Based on the ITCM structure, the team constructed the generative intelligent agent ITCMA, aiming to provide a framework for behaviors in an open world that can interact with other intelligent agents and respond to environmental changes.

That is to say, by computationally decomposing consciousness through ITCM, researchers can obtain an intelligent agent with "consciousness," even if this consciousness is a rather rudimentary one.

"ITCMA can both 'actively' do something through its own ideas and complete the transfer of experience across tasks through the similarity of the phenomenological field in ITCM, and even learn how to complete tasks autonomously without any experience," said Zhang Hanzhong.

They have demonstrated through experiments that ITCMA can learn how to find an item using the tools provided by the environment without any guidance, and place it in a cabinet after freezing it, all within a very short time (within 20 steps).Obviously, it is precisely through the transformation of the research perspective of the discipline that they were able to correct a series of flaws caused by the traditional generative intelligent agents' excessive dependence on large language models.

According to Zhang Hanzhong, the successful establishment of the ITCM model is also due to the help provided by a friend of his who is studying psychology.

"In discussing how to express the ITCM model, she started from a psychological perspective and gave me a lot of suggestions.

Moreover, she also established a set of psychological theories called 'Dream Theater' based on this, and published it on Douban. In the future, it may to some extent become the psychological theoretical foundation of ITCM," he said.

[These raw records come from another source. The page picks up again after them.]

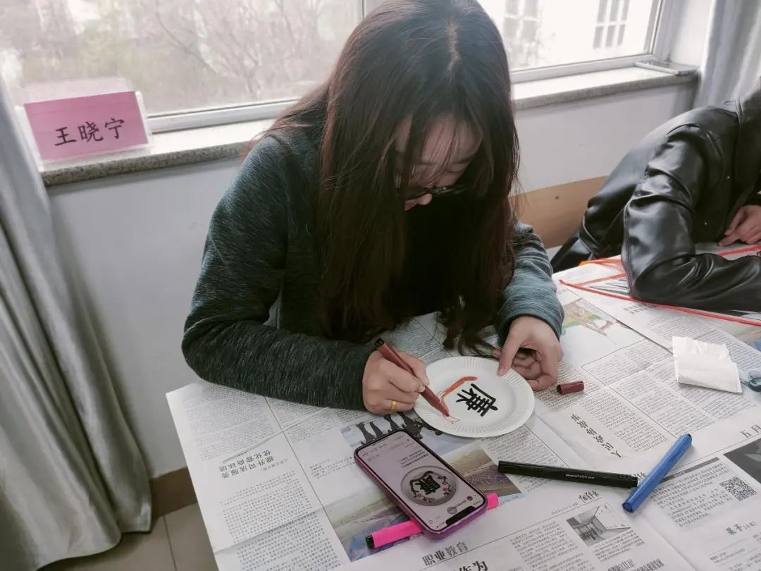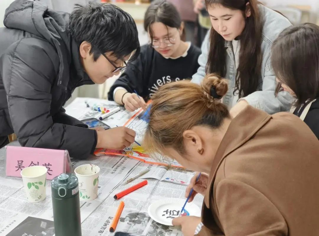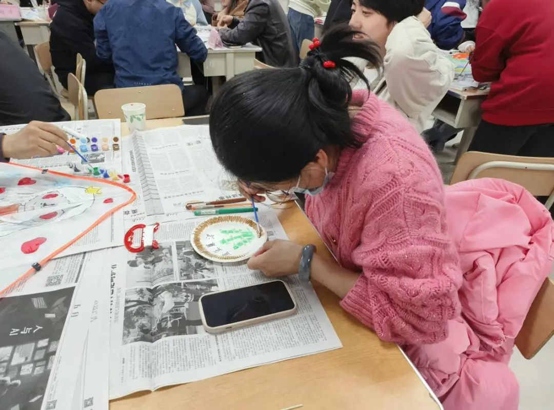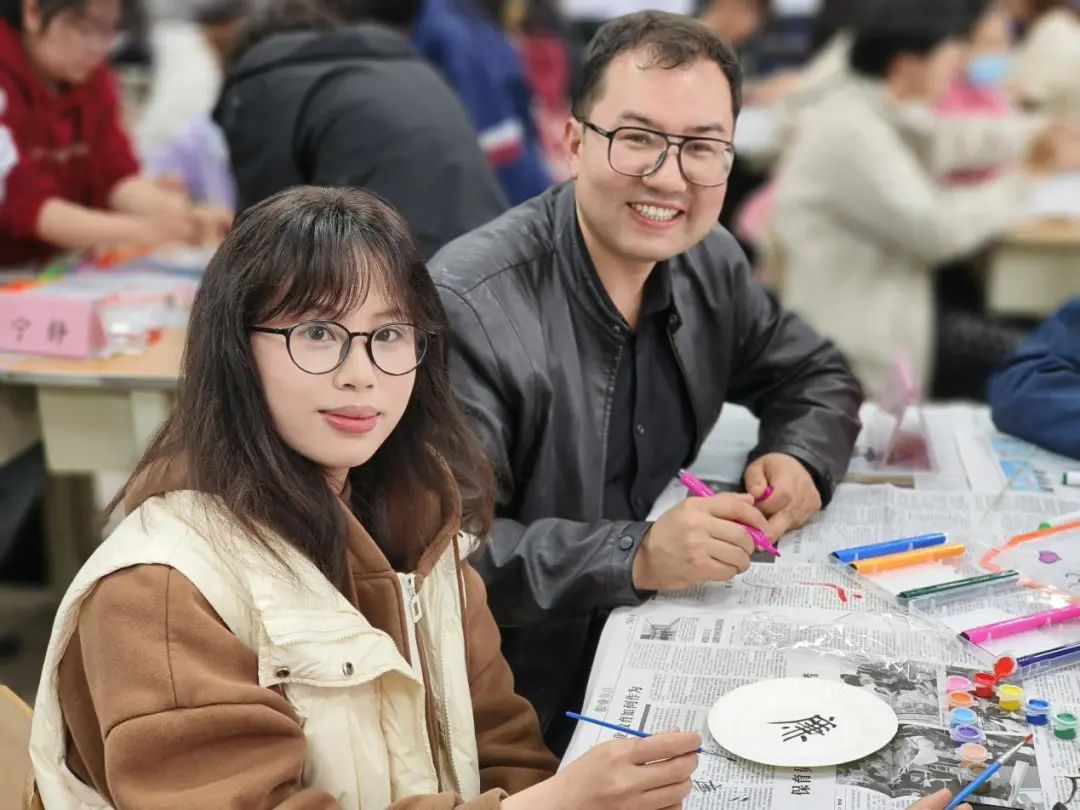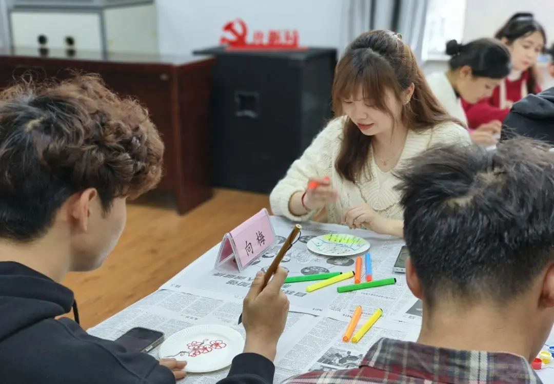 学院党委副书记、院长向梅老师和同学们绘制盘画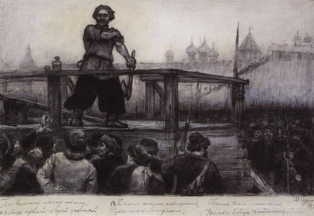 Ti offriamo una riproduzione artigianale su tela dell'opera famosa 'Boia' di Vasily Surikov, dal Museo delle Riproduzioni.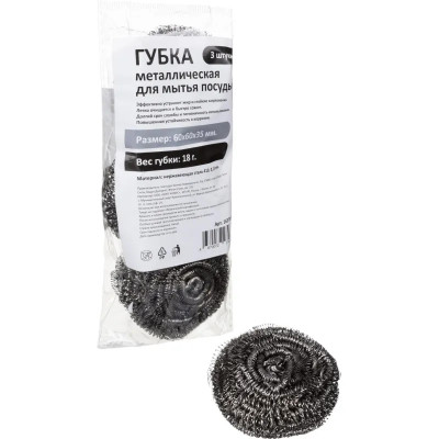 Губка-мочалка металл для мытья посуды 60x60x35мм 18г нерж.сталь 3шт/уп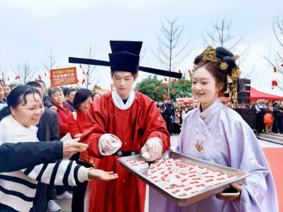 市民游客体验"九大碗"美食。广汉市 委宣传部供图 2月25日,正月初九,德阳广汉市连山镇沙田村,传统民俗活动"九大碗"再度热闹启幕,八方乡里、四 海宾朋齐聚沙田村红堰广场和九大碗广场,共赴一场坝坝宴民俗盛会,在鲜香滋味与欢声笑语中感受马 年新春的团圆暖意,体验独具特色的乡村民俗风情。 沙田村"九大碗"是当地流传已久的民俗宴席,因最初每席设九碗菜,有九九长寿、天长地久等美好寓 意,"吃九大碗"的习俗一直沿传至今。随着群众生活水平的提升,如今的"九大碗"早已突破九碗菜的传 统规制,菜品愈发精致丰富,成为连山乡村文化与美食文化的重要符号。 当天上午,随着热闹欢快的文艺汇演,"九大碗"活动正式拉开帷幕。 本次"九大碗"民俗活动席开166桌,其中红堰广场设112桌、九大碗广场设54桌,宴席菜品精心搭配、鲜 香兼备,由"鸿运当头""招财进宝""五谷丰登""年年有余""蒸蒸日上""节节高升"等十四道寓意吉祥的特 色佳肴组成,每一道菜都承载着美好的祝福。大家围坐在一起谈笑风生,品味着美食佳肴,感受着团圆 温情,一派热闹祥和的新春景象。 孔继红 华西都市报-封面新闻记者 伍勇 "第一次见到这种阵仗!"重庆游客张先生当天恰好和朋 ...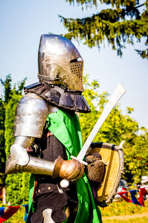 MINSK, BELARUS - JULY 19, 2014: Historical restoration of knightly fights on festival of medieval culture. Knight participant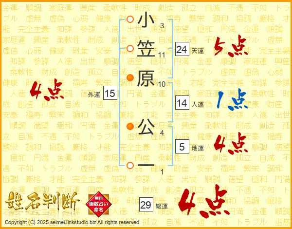 小(3画)笠(11画)原(10画) 公(4画)一(1画)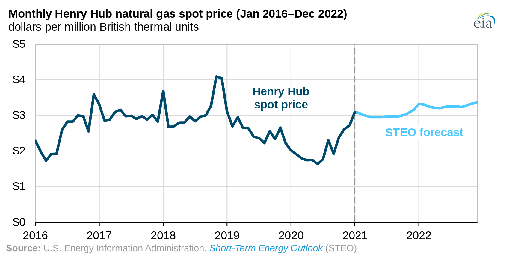 根据能源信息管理局(EIA),虽然天然气价格去年低,天然气产量也下跌。现在联邦分析显示天然气价格上升到2022年,这可能促使更多的燃料在天然气和煤炭之间转换,并可能让这种资源“从预计2021年增加的可再生能源产能中获得更多竞争”。
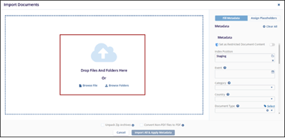 - Unpack Zip Archives: Enable this option if a ZIP folder is uploaded and the documents within the ZIP folder need to be uploaded as separate documents.
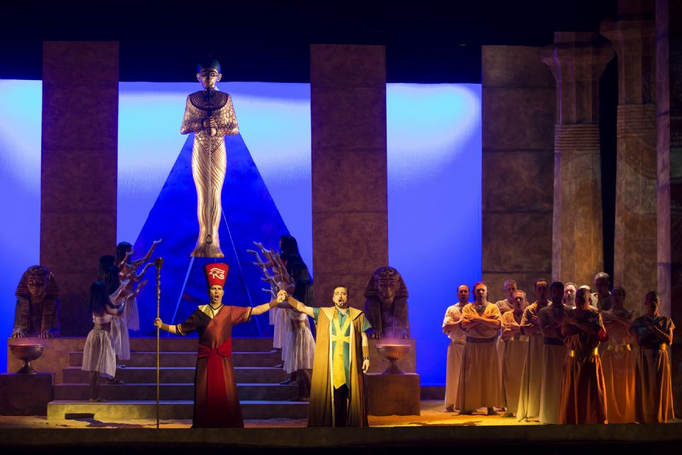 Málaga. Teatro Cervantes. 3-III-2019. Giuseppe Verdi: Aida. Christian Díaz (El Rey), Mali Corbacho (Amneris), Maribel Ortega (Aida), Alejandro Roy (Radamès), Felipe Bou (Ramfis), Luis Cansino (Amonasro), Antonio Bermúdez (Un mensajero), María Lourdes Benítez (Una sacerdotisa). Coro de Ópera de Málaga (Salvador Vázquez, director del coro). Orquesta Filarmónica de Málaga. Arturo Díez Boscovich, dirección musical. Ignacio García y Aurora Cano, dirección escénica. Telón Producciones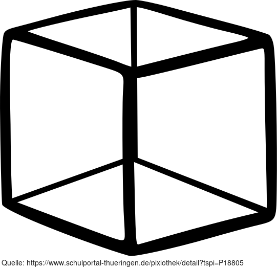 Die Zeichnung zeigt einen Würfel. Ein Würfel wird oft auch als Kubus, Sechsflächner oder Hexaeder bezeichnet. Ein Würfel ist ein dreidimensionaler Körper mit sechs quadratischen Flächen, zwölf Kanten und acht Ecken. Das Bild ist unter CC0 lizenziert und kann somit frei verwendet werden. Es ist neben weiteren Bildern auch hier zu finden: https://cocomaterial.com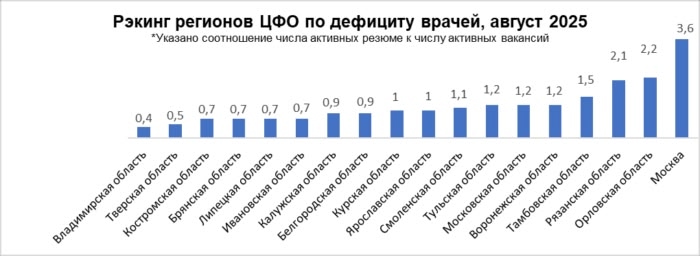 В Костромской области на одну врачебную вакансию приходится 0,7 соискателя. К такому выводу после изучения соотношения активных резюме и вакансий за август текущего года пришли аналитики российской платформы онлайн-рекрутинга hh.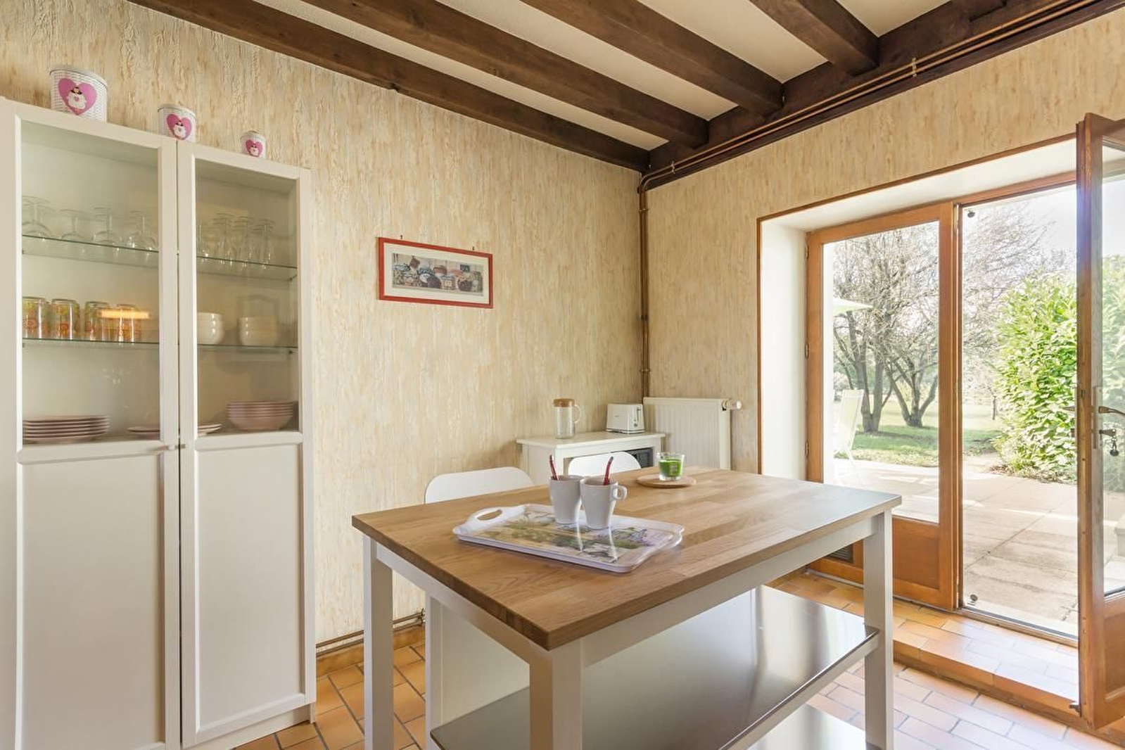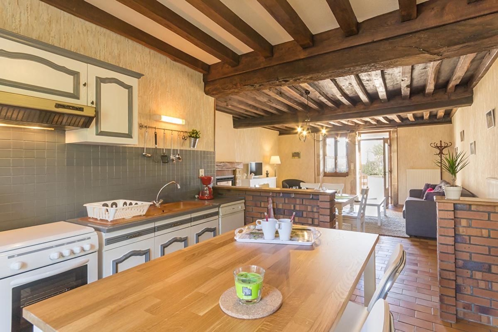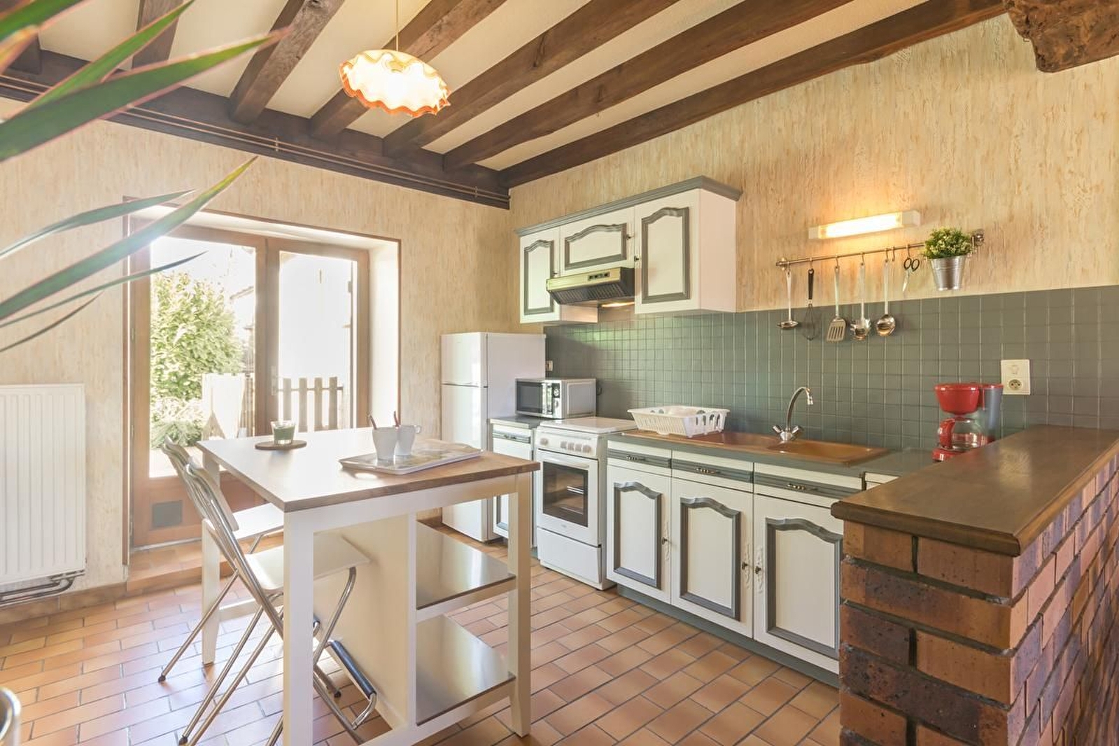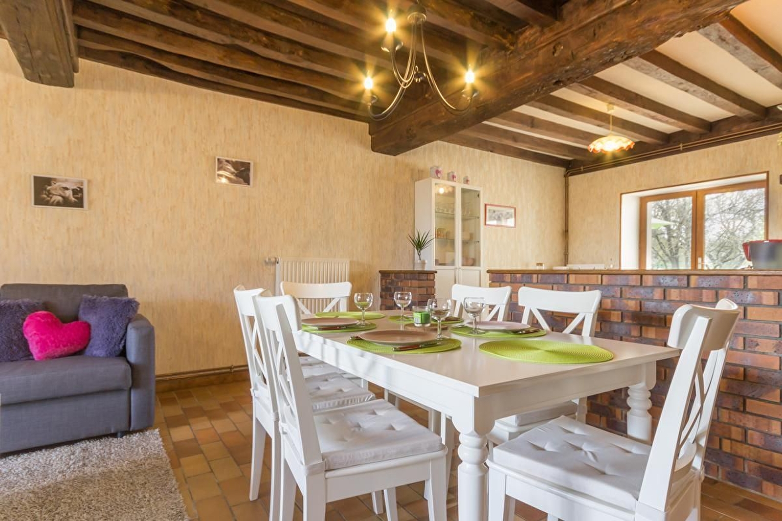 A proximité de la ferme des propriétaires, maison indépendante et mitoyenne avec grand jardin. Rez-de-chaussée surélevé : séjour avec salle à manger, salon et cuisine (plafonds à la française et cheminée insert). Salle de bains. WC séparé. A l'étage, 2 belles chambres avec parquet : une avec un lit 160 et l'autre avec 2 lits 90 jumelables et 2 lits 80 gigognes. Lit bébé et chaise haute. Parking devant la maison et vaste jardin bien clos arboré derrière de 800 m². Chauffage au gaz. 2 animaux admis maximum.

In fact, in the current research on ITCMA, researchers have only studied the effect and learning ability of the intelligent agent as a single intelligent agent, and have not further studied what kind of cooperation and interaction effects it can show when multiple intelligent agents exist simultaneously.So, next, they plan to focus on researching the social collaborative strategies of ITCMA in the social network environment.

 

"In this study, perhaps many people pay more attention to the structure and experimental results of ITCM, but I and other members of the team believe that the most important part is reflected in the models that are not aimed at committing to the task, as well as the advanced functional interpretation of ITCMA awareness," said Zhang Hanzhong.

 

They attach great importance to the differences between ITCMA and traditional agents, and are committed to making it have sufficient "subjectivity".

 

Just like the original philosophical definition of the concept of "agent", they expect generative agents to be entities that have desires, beliefs, and intentions, and can take autonomous actions.

 

"Proactivity is always the most important characteristic. We hope that ITCMA is not just a task-driven tool, but also has its own ideas and can do something autonomously," said Zhang Hanzhong.